Task statement: From the entries below, reproduce exactly the lines from the one with "白色主色调搭配全屋浅灰色木地板,深灰色家具,黑白经典搭配,永不过时" through the one with "Hier wohnt ihr", both included, without images.

BEGIN Provided records

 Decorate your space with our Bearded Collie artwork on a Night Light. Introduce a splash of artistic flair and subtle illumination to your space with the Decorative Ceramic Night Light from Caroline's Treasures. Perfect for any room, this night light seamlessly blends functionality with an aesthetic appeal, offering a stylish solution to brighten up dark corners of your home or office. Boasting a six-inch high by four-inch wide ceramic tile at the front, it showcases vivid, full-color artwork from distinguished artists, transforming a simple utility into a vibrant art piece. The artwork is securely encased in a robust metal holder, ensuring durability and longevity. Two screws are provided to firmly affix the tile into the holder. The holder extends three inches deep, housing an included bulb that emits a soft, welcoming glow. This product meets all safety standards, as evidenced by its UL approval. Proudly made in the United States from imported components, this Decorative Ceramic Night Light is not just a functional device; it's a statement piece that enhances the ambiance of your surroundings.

END Provided records
BEGIN Provided records

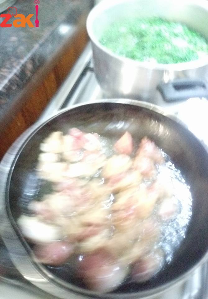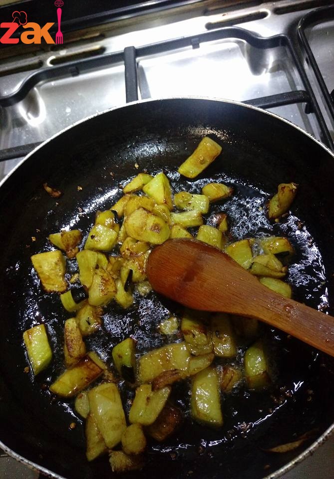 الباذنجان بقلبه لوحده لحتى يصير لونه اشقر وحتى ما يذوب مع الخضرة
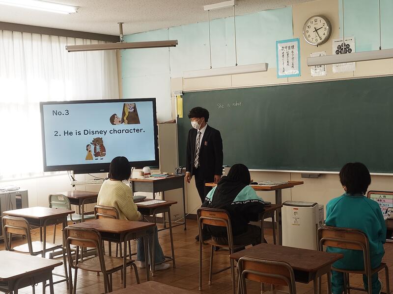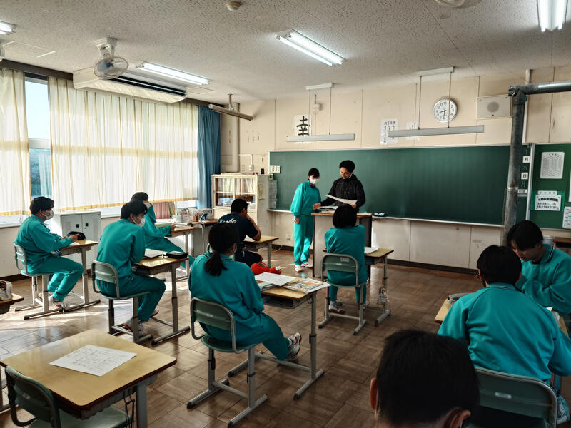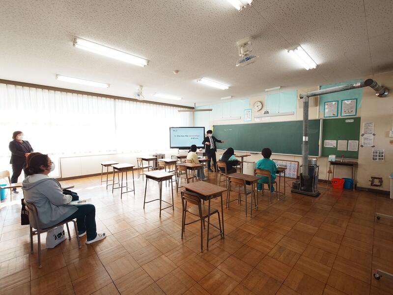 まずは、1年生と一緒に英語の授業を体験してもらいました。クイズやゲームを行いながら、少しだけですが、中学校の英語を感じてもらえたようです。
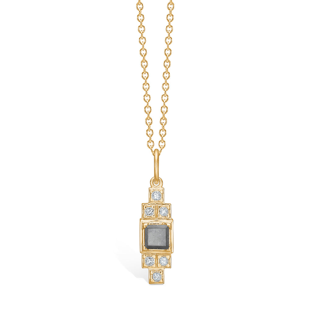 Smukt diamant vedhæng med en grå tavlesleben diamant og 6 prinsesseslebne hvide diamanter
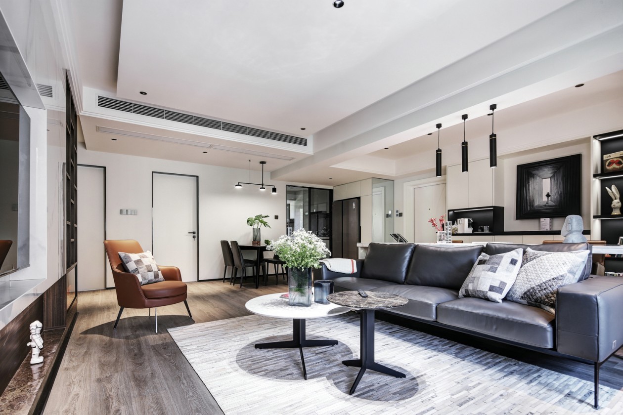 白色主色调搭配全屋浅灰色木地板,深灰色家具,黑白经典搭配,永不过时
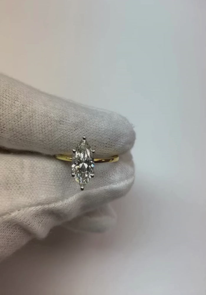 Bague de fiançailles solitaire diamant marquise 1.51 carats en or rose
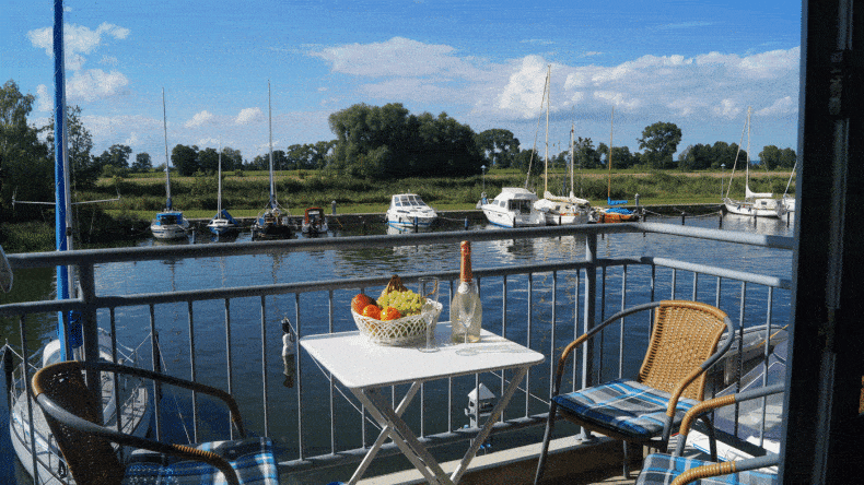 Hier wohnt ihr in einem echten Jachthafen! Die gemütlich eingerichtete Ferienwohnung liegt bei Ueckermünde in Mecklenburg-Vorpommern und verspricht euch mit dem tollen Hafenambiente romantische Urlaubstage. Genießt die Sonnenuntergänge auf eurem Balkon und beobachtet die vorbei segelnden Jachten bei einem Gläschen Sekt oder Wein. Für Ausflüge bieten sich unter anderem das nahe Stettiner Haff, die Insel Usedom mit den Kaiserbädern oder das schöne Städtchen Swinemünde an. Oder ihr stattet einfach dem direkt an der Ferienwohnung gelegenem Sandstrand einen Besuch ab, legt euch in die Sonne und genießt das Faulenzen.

END Provided records

Answer for this exercise:
 白色主色调搭配全屋浅灰色木地板,深灰色家具,黑白经典搭配,永不过时
 Bague de fiançailles solitaire diamant marquise 1.51 carats en or rose
 Hier wohnt ihr in einem echten Jachthafen! Die gemütlich eingerichtete Ferienwohnung liegt bei Ueckermünde in Mecklenburg-Vorpommern und verspricht euch mit dem tollen Hafenambiente romantische Urlaubstage. Genießt die Sonnenuntergänge auf eurem Balkon und beobachtet die vorbei segelnden Jachten bei einem Gläschen Sekt oder Wein. Für Ausflüge bieten sich unter anderem das nahe Stettiner Haff, die Insel Usedom mit den Kaiserbädern oder das schöne Städtchen Swinemünde an. Oder ihr stattet einfach dem direkt an der Ferienwohnung gelegenem Sandstrand einen Besuch ab, legt euch in die Sonne und genießt das Faulenzen.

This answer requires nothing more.